Generics

[Todd]

Hello,

I have been reading about generics to determine if there is a way to
accomplish what I _assumed_ could be done. From what I can tell, what
I would like to do is not possible, but, honestly, generics are
confusing to me.

What I would like to do is have one method, say getValue(), that
returns each member of a mixed collection in its correct type. I have
determined the the object type when storing it into the map, so it is
available to me for use in the getValue() method. I thought that
something along the lines of

public <T> T getValue()
{
return ObjectType.cast( value );
}

would work. However, I am having no luck coming up with anything that
compiles, let alone runs, to return typed objects at runtime using a
single method.

I have searched through the group, but have not found anything that
clarifies for me whether this concept can be implemented.

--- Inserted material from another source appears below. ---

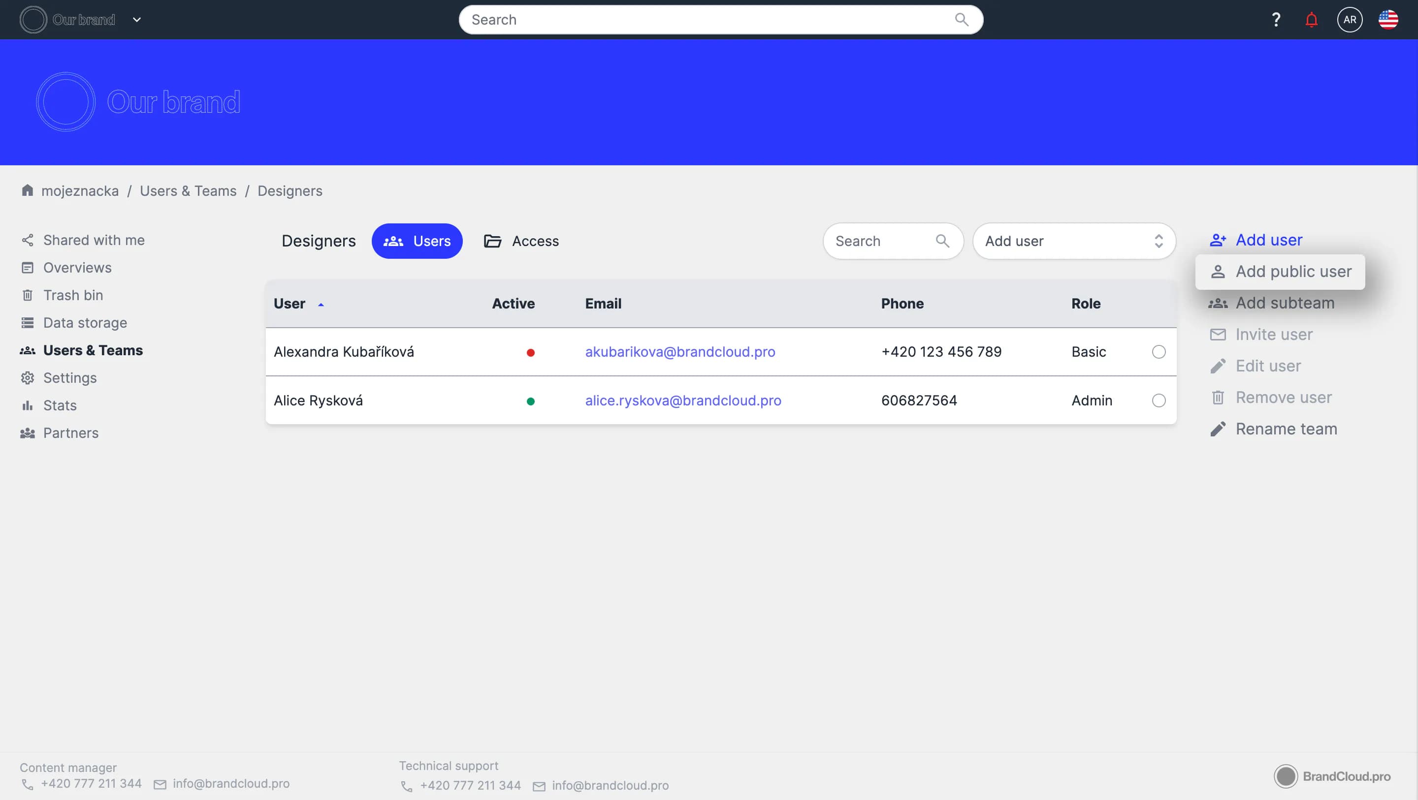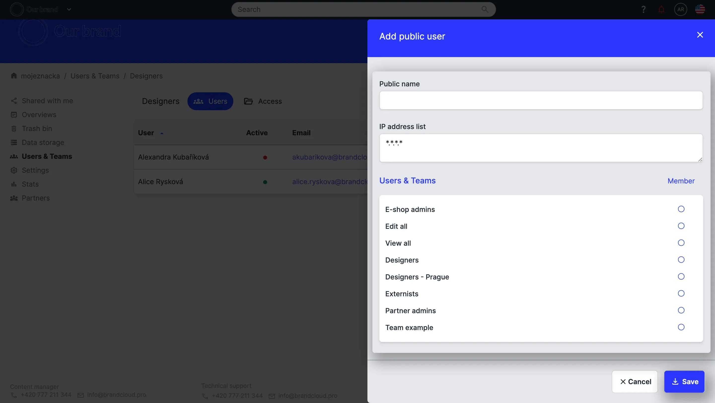 Public access can be used in different ways, and you can always configure it to your needs so that you don't have to do a lot of sharing. A given user just enters the URL of your BrandCloud and they will immediately have access to the content they need.
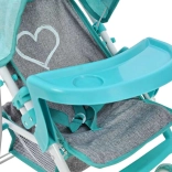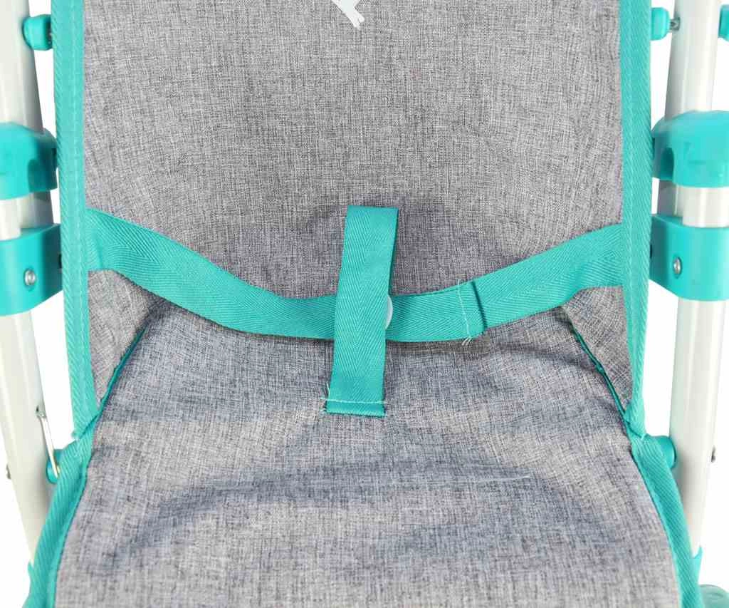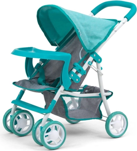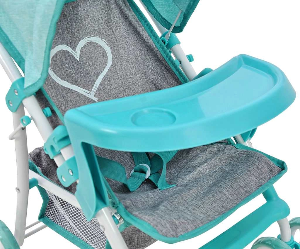 Voziček za punčke MILLY MALLY Kate Prestige Mint verno spominja na pravi športni voziček. Kovinski okvir zagotavlja trdnost, nizka teža pa olajša upravljanje tudi mlajšim otrokom. Punčka je v sedežu pritrjena s pasovi, sprednji odstranljiv pladenj pa služi kot praktična banjica za »priboljške«. Zložljiva strešica ščiti punčko med sprehodi na prostem.

Is there a way to return typed objects from a mixed collection at
runtime using a single method? If so, could you provide me some tips
as to how to create the method or class with method to do so?

Thanks in advance,
Todd

 

[Daniel Pitts]

Hello,

I have been reading about generics to determine if there is a way to
accomplish what I _assumed_ could be done. From what I can tell, what
I would like to do is not possible, but, honestly, generics are
confusing to me.

What I would like to do is have one method, say getValue(), that
returns each member of a mixed collection in its correct type. I have
determined the the object type when storing it into the map, so it is
available to me for use in the getValue() method. I thought that
something along the lines of

public <T> T getValue()
{
return ObjectType.cast( value );
}

would work. However, I am having no luck coming up with anything that
compiles, let alone runs, to return typed objects at runtime using a
single method.

I have searched through the group, but have not found anything that
clarifies for me whether this concept can be implemented.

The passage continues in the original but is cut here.